狄公接著又道:「第二樁是宋一文被殺。當時他只有五歲,過後很快便被舅父帶去京城,他如何得到父親蒙冤的證據,你我只能猜測一二。據我推想,他已知曉母親的姦情,多半是長大成人後由舅父或其他親屬告知,因為其姨母說過,宋一文從未到金華探望過她。他定是設法得知鬱金就是這一姦情的孽種,於是來到此地,不但與鬱金見面,還在縣衙檔房中查考莫將軍一案的細節。鬱金並未告訴宋一文自己有個父親,且偶爾會來探望她,但她定是告訴了其父有關宋一文的情形,包括姓甚名誰、來金華替父報仇、住在茶商孟掌櫃家等等。
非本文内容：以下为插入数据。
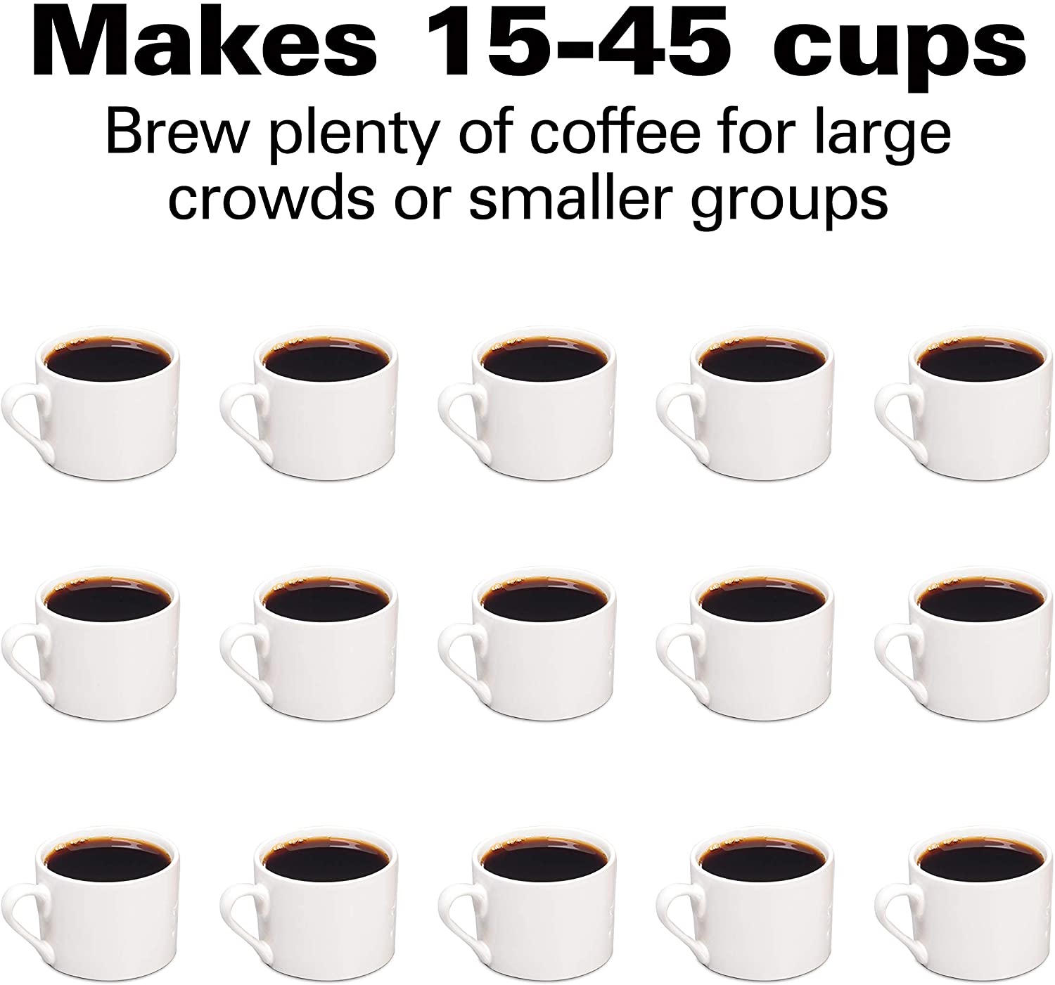 • Makes 15-45 cups — brew plenty of Coffee for large crowds when you need it, or brew less for smaller groups. Either way, this urn keeps Coffee hot and ready to pour after it's finished brewing.

於是那人尋到孟掌櫃家,出手殺死宋一文。」
駱縣令頻頻點頭:「過後那人又在宋一文的住所四處翻找,想要尋出可能揭露自家身份的記錄。或許宋一文果真找到了其父或其母的書信。當年官府查封了莫府的所有財產文書,但是家人總可帶走一兩件衣袍,多年以後,宋一文可能發現了藏在夾層裡的密信,或是其他什麼天曉得的法子!」
「這些情形,唯有等到我們查明兇手,並有足夠的證據提審他時方可知曉。然而目前,我看是毫無指望!不過,在深思這一難題之前,我想先說第三點,就是幽蘭被控笞死侍女一案。那兩封匿名信,不知駱兄研究得如何?」
「平平而已。兩封信皆出自學問深湛之人,仁兄也知道這文言體是如何嚴格規範的,人世生活中所有能想到的方方面面,或是偶發之事,幾乎都有特定的表達方式,文人學士自會用詞精準。若是由一個缺乏素養之人來寫,自然會有所不同,很容易發現同樣的怪僻手法或語病。因此我只能說運用某些虛字時,這兩封信有相似之處,可能出於同一作者之手。實在抱歉!」
「若是能看到原件就好了!對於筆跡,我曾悉心研究過一番,必能鑑別出來!但是須得跑一趟京師,並且不敢說大理寺當真會允許我去查驗原信。」狄公說罷,焦躁地揪揪長髯。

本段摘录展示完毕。